Schedule a data lakehouse using DMS Airflow - AnalyticDB

This topic describes how to use DMS-hosted Airflow to schedule Spark jobs in a Notebook.

Solution architecture

DMS Notebook is a container for running Spark jobs and provides unified management of PySpark, SparkSQL, and Python jobs.
DMS Airflow is a scheduler that treats the .ipynb file in the Notebook as an Operator node in a Directed Acyclic Graph (DAG) definition.
AnalyticDB for MySQL is the data lakehouse. It provides Spark compute resources and manages data lake tables, such as Delta Lake tables, stored in Object Storage Service (OSS).

Preparations

AnalyticDB for MySQL

An AnalyticDB for MySQL Enterprise Edition, Basic Edition, or Data Lakehouse Edition cluster is created.
If you do not have a cluster that meets these requirements, you can log on to the AnalyticDB for MySQL console to create an Enterprise Edition or Basic Edition cluster.
A database account is created for the AnalyticDB for MySQL cluster.
- If you use an Alibaba Cloud account, you need to only create a privileged account.
- If you use a Resource Access Management (RAM) user, you must create a privileged account and a standard account and associate the standard account with the RAM user.
You have created a job-type resource group.

OSS

Activate OSS.
Create a bucket. The bucket must be in the same region as the AnalyticDB for MySQL cluster.

Notebook workspace

Log on to the AnalyticDB for MySQL console. In the upper-left corner, select the region where your cluster resides. In the navigation pane on the left, click Clusters, and then click the ID of the target cluster.
Click Job Development > Notebook Development. After you complete the required preparations, click Go To DMS Workspace.
Create a workspace.
Import a data source.

Create a Spark cluster.

Click the icon to go to the Resource Management page, and then click Compute Cluster.

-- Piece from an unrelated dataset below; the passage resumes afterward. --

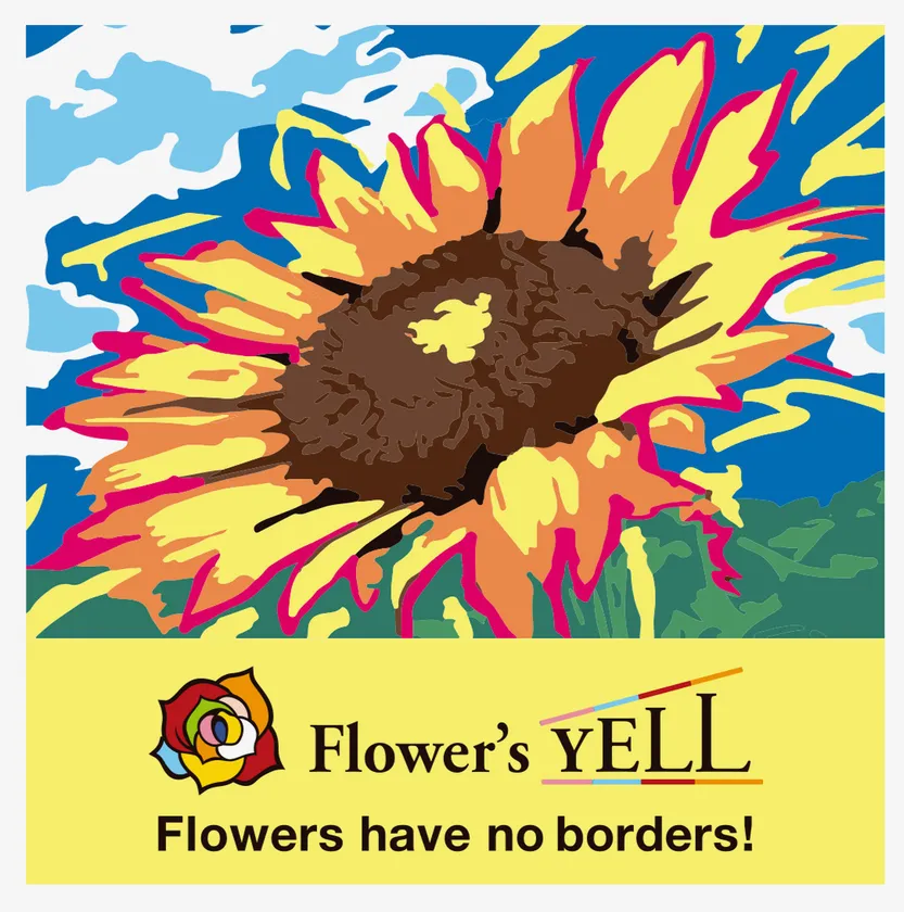 今回開催する「Flower's YELL」第2弾は、ペイントアーティストの桂川桃子さんによる向日葵の原画を、世界的な花絵師の藤川靖彦が創作します。発信するメッセージは、「Flowers have no borders!(花を愛でる心に国境はない!)」。世界がひとつとなって、新型コロナウイルスと立ち向かい、そして勝利することを呼びかけます。

Click the Spark cluster tab, click Create Cluster, and then configure the parameters as follows:

Parameter	Description	Example
Cluster Name	Enter a name for the cluster that helps you identify its purpose.	spark_test
Runtime Environment	The following images are supported: adb-spark:v3.3-python3.9-scala2.12 adb-spark:v3.5-python3.9-scala2.12	adb-spark:v3.5-python3.9-scala2.12
AnalyticDB Instance	Select an AnalyticDB for MySQL cluster from the drop-down list.	amv-uf6i4bi88****
AnalyticDB for MySQL Resource Group	Select a job-based resource group from the drop-down list.	testjob
Spark APP Executor Spec	Select the resource specifications for the Spark executor. Different models correspond to different specifications. For more information, see the Model column in Spark application configuration parameters.	large
vSwitch	Select a vSwitch in the current VPC.	vsw-uf6n9ipl6qgo****

When you create and start a Notebook session, the initial startup may take approximately 5 minutes.

Parameter	Description	Example value
Cluster	Select the Spark cluster created in step b.	spark_test
Session Name	You can customize the session name.	new_session
Image	Select an image specification. Spark3.5_Scala2.12_Python3.9:1.0.9 Spark3.3_Scala2.12_Python3.9:1.0.9	Spark3.5_Scala2.12_Python3.9:1.0.9
Specifications	The resource specification for the kernel. 1 core 4 GB 2 cores 8 GB 4 cores 16 GB 8 cores 32 GB 16 cores 64 GB	4C16G
Configuration	The profile resource. You can edit the profile name, resource release duration, data storage location, PyPI package management, and environment variables. Important Resource release duration: Resources are automatically released when they are idle for longer than the specified duration. If you set the duration to 0, resources are never automatically released.	deault_profile

Step 1: Create an Airflow instance

Go to DMS Workspace. In the navigation pane on the left, click the icon to go to the Resource Management page.
Click Airflow Instance, and then click Create Instance in the upper-left corner.

In the Create Instance panel, configure the instance information.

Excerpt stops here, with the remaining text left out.